Recently, a new single-nucleotide polymorphism (SNP) (rs911263) within the RAD51B gene was identified as being associated with increased RA risk in Koreans and Europeans23,24. The RAD51B gene, located at 14q24.1, encodes a member of the RAD51 protein family. RAD51B, a known RAD51 paralog, exhibits central recombinase activity in mammalian cells25,26. It was also reported that RAD51B plays an important role in homologous recombinational repair (HRR) of DNA double-strand breaks (DBSs) to maintain cell genomic stability and is a promising candidate oncogene and biomarker for cancer diagnosis and prognosis24,27,28,29. Indeed, the absence of RAD51B may disrupt the formation of RAD51B nucleoprotein filaments, the initial stage of HRR, thereby resulting in DNA mutations, rearrangements and/or loss of chromosomes27. RAD51B has been shown to form a stable heterodimer with the family member RAD51C, which further interacts with other family members such as RAD51, XRCC2, and XRCC3. Because the underlying biological mechanisms of RA remain largely unknown, the effects of RAD51B on RA have not been clarified, despite the evidence of strong significant associations within Korean and European populations8,13,14,30.

Considering that the role of RAD51B in RA susceptibility in Han Chinese has not been assessed, we performed a two-stage case-control study to evaluate the transferability of discovered RA susceptibility loci in Han Chinese individuals to improve our current understanding of the role of the RAD51B gene in predisposition to RA. Moreover, there are no reports on the association between RAD51B and clinical manifestations of RA, such as the 28-joint disease activity score (DAS28) and clinical severity. The other aim of our study was to assess the role of potential associated variants in the clinical manifestations of RA, which may help in defining the primary set of risk alleles for RA susceptibility and provide clues to the mechanisms involved in the etiology and pathogenesis of RA.

Materials and Methods

Subjects

Two independent cohorts of RA patients and controls were included in this study. In the discovery stage, we recruited 402 RA patients (age 33–61 years) and 969 unrelated healthy controls (age 33–61 years) from Honghui Hospital and the First Affiliated Hospital of Xi’an Jiaotong University. In the replication stage, 2,105 subjects consisted of 563 RA patients (age 36–64 years) and 1,542 unrelated healthy controls (age 36–64 years) who were enrolled from Orthopedic Hospital of Henan Province. All subjects included in the study were random chosen genetically unrelated Han Chinese individuals without migration history within the previous three generations. All patients were diagnosed with RA according to the 2008 Classification Criteria of the American College of Rheumatology, and all healthy controls had no history of rheumatism or infectious or chronic inflammatory autoimmune diseases. This study was performed in accordance with the ethical guidelines of the Helsinki Declaration of 1975 (revised in 2008) and was approved through the Local Ethics Committee of Xi’an Honghui Hospital. Informed consent was obtained from subjects.

Clinical assessments

The history of all RA patients was recorded, especially regarding presenting symptoms, joints affected and extra-articular features, and medications. In assessing disease activity according to the DAS28, it was determined that RA patients had been not treated with intra-articular corticosteroids, MTX or biological agents. Joint erosion in RA patients was evaluated by X-rays of the hands and feet. We obtained only the presence or absence of erosion, without radiological score calculation. Patients were assigned to two groups according to erosion (erosive RA and non-erosive RA). Moreover, they were grouped according to the presence or history of extra-articular features. Laboratory parameters were recorded, including rheumatoid factor (RF), anti-cyclic citrullinated peptide antibody (aCCP), anti-glucose phosphate isomerase (aGPI) and the erythrocyte sedimentation rate (ESR). In addition, we also obtained the information of visual analogue scale (VAS) from each RA patients. Demographic information was obtained from each subject at enrollment.

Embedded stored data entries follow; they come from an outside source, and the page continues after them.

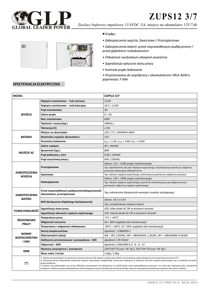 ZUPS12 3/7 3 Zasilacz buforowy impulsowy 13.8VDC /3A, miejsce na akumulator 12V/7Ah ■ Cechy: • Zabezpieczenia wyjścia: Zwarciowe / Przeciążeniowe • Zabezpieczenia baterii: przed nieprawidłowym podłączeniem / przed głębokiem rozładowaniem • Chłodzenie swobodnym obiegiem powietrza • Sygnalizacja optyczna stanu pracy • Kontrola prądu ładowania • Przystosowany do współpracy z akumulatorem VRLA AGM o pojemności 7-9Ah SPECYFIKACJA ELEKTRYCZNA MODEL ZUPS12 3/7 WYJŚCIE BATERIA WEJŚCIE AC ZABEZPIECZENIA WYJŚCIA Napięcie znamionowe - tryb sieciowy 13.8V Napięcie znamionowe - tryb bateryjny 10.5 ÷ 13.8V Prąd znamionowy 3A Zakres prądu 0 ÷ 3A Moc znamionowa 60W Tętnienia i szumy (typ.) 240mVP-P Tolerancja [2] ± 5% Miejsce na akumulator 12V / 7.2 ÷ 9AhVRLA AGM Nominalne napięcie akumulatora 12V Parametry ładowania INOM = 1.2A , IMAX = 1.4A, UBAT = 13.8V Zakres napięcia 90 ÷ 264VAC Sprawność (typ.) 80% Prąd pobierany z sieci 0.8A / 230VAC Prąd rozruchowy (max.) 60A / 230VAC Zakres: 125 ÷ 150% prądu znamionowego Przeciążeniowe Typ: naprzemienne zał./wył. Napięcia wyjściowego. Automatyczny powrót po ustąpieniu przyczyny aktywującej zabezpieczenie. Zwarciowe Typ: odcięcie napięcia wejściowego, automatyczny powrót po ustąpieniu przyczyny. Zakres: 120 ÷ 140% prądu znamionowego Nadnapięciowe ZABEZPIECZENIA BATERII FUNKCJONALNOŚĆ ŚRODOWISKO PRACY NORMY BEZPIECZEŃSTWA I EMC INNE [*] Przed nieprawidłowym podłączeniem(biegunowość) akumulatora, przeciążeniowe RGR (Rozłączenie Głębokiego Rozładowania) Typ: odcięcie napięcia wyjściowego, powrót do normalnej pracy po odłączeniu oraz ponownym załączeniu napięcia wejściowego. Typ: jednokrotne (bezpiecznik wewnątrz modułu zasilającego) Zakres: 10.5 ± 0.5V Typ: przekaźnikowe odcięcie baterii Sygnalizacja stanu pracy LED: żółta dioda AC OK w drzwiach skrzynki Sygnalizacja obecności napięcia wyjściowego LED: zielona dioda DC OK w drzwiach skrzynki Temperatura pracy -5°C ÷ +45°C Wilgotność otoczenia 20 ÷ 90% względna (bez kondensacji) Temperatura i wilgotność składowania -20°C ÷ +60°C, 10 ÷ 95% względna (bez kondensacji) Normy bezpieczeństwa Zgodność z EN60950-1 Wytrzymałość izolacji WE – WY: 2.5kVAC; WE – OBUDOWA: 1.5kVAC, WY – OBUDOWA: 0.5kVAC Zakłócenia promieniowane i przewodzone - EMI Zgodność z EN 55022 Odporność - EMS Zgodność z EN61000-4-2, -4, -5, -11 Wymiary wewnętrzne / zewnętrzne 250*250*70 (szer.*dł.*gł.); 254*254*78 (szer.*dł.*gł.) Masa netto / brutto 1.6kg / 1.8kg 1. Podane parametry(jeżeli nie zaznaczono inaczej) zmierzono dla napięcia wejściowego 230VC, znamionowego prądu obciążenia oraz temperatury otoczenia 25°C. 2. Tolerancja wyraża maksymalną rozbieżność napięcia wyjściowego uwzględniając zmiany przy załączaniu, w zależności od zmian napięcia wejściowego oraz w zależności od zmian prądu obciążenia. 3. Zasilacz jest podzespołem wg normy EN61204 przeznaczonym do wbudowania w wyrób finalny przez wykwalifikowany personel i nie może być traktowany jako samodzielne urządzenie. Ostateczny efekt kompatybilności elektromagnetycznej jest określany dla wyrobu finalnego, wówczas wymagana jest deklaracja zgodności dla całości instalacji. ZUPS1 2 3/7-SP EC- R1.0 09.01.2014 ZUPS12 3/7 3 Zasilacz buforowy impulsowy 13.8VDC /3A, miejsce na akumulator 12V/7Ah SPECYFIKACJA MECHANICZNA Moduł zasilający – wejście Nr Funkcja TAMPER Opis Nr Funkcja Opis CN1:1 AC/L Zacisk fazowy napięcia wejściowego 1 NO Styk normalnie otwarty przycisku antysabotażowego CN1:2 AC/N Zacisk neutralny napięcia wejściowego 2 COM Styk wspólny otwarty przycisku antysabotażowego CN1:3 GND Zacisk uziemiający Moduł RGR – wyjście i bateria CN1: 1 VOUT+ Zacisk dodatni napięcia wyjściowego CN2: 2 VOUT- Zacisk ujemny napięcia wyjściowego CN3: 3 BAT+ (czerwony) konektor żeński 6.3x0.7 Zacisk dodatni akumulatora CN3: 4 BAT- (czarny) konektor żeński 6.3x0.7 Zacisk ujemny akumulatora Dioda LED AC OK (żółta) Dioda LED DC OK (zielona) Opis Uwagi Praca normalna – tryb sieciowy - nie świeci Praca w trybie bateryjnym, zanik sieci Mógł zostać uszkodzony bezpiecznik sieciowy Brak napięcia wejściowego oraz wyjściowego Mógł zostać uszkodzony bezpiecznik sieciowy i bateryjny - świeci ZUPS1 2 3/7-SP EC- R1.0 09.01.2014
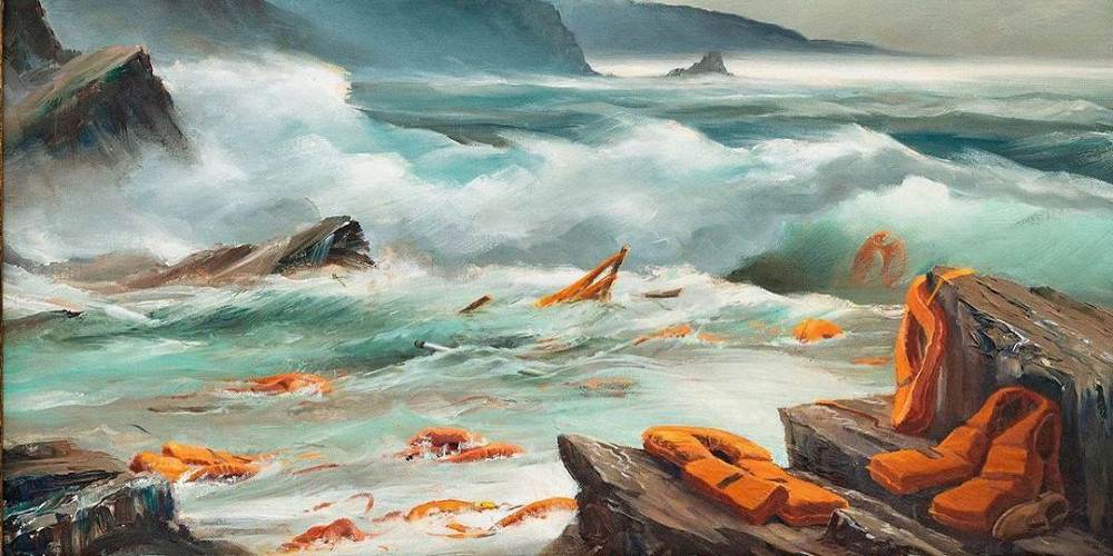 Работа состоит из трех картин, написанных маслом, и посвящена беженцам, которые в 2017 году пытались добраться в Европу через Средиземное море на подручных плавательных средствах. Удалось это не всем, многие погибли.
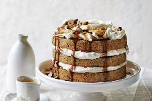| Hazelnut cake with whipped ricotta and coffee caramel recipe - Recipes - delicious.com.au butter, icing sugar, ricotta cheese, hazelnut, vanilla pod, eggs, baking powder, sugar, coffee, sour cream, cream, flour This ricotta-filled cake is topped off with coffee, caramel and hazelnut flavours, making it the ultimate decadent dessert. 1. Preheat oven to 160 C. Grease three 20cm round cake pans and line base a...

SNP selection and genotyping

As an initial screen of common SNPs in the Han Chinese population, we searched for all SNPs with a minor allele frequency (MAF) ≥ 0.05 of the RAD51B gene in the 1000-genomes CHB database. Then, MAF ≥ 0.05 with pair-wise tagging and r2 ≥ 0.5 were used as cutoff criteria during tag SNP selection, resulting in 62 tag SNPs covering the RAD51B region (Supplementary Table S1).

Peripheral venous blood samples were collected in plain tubes, and genomic DNA was isolated from peripheral blood leukocytes according to the manufacturer’s protocol (Genomic DNA kit, Axygen Scientific, Inc., CA, USA). SNP genotyping was performed using the high-throughput Sequenom MassARRAY platform with iPLEX GOLD chemistry (Sequenom, San Diego, CA, USA) based on the manufacturer’s protocols31. The results were processed using Sequenom Typer 4.0 software, and genotype data were generated from the samples32. The status of the case and control samples was blinded for quality control during genotyping processes, and random processing of 5% of samples was performed with a concordance of 100%.

Statistical analyses and power analyses

Power Analyses

To estimate the statistical power of our study design, we implemented a comprehensive power analysis using Genetic Power Calculator33. The results of this power analysis are summarized in Supplemental Table S2. As shown, if the underlying risk allele of RA has an MAF of ~0.1 and OR greater than 1.3, our sample will achieve statistical power of >0.8.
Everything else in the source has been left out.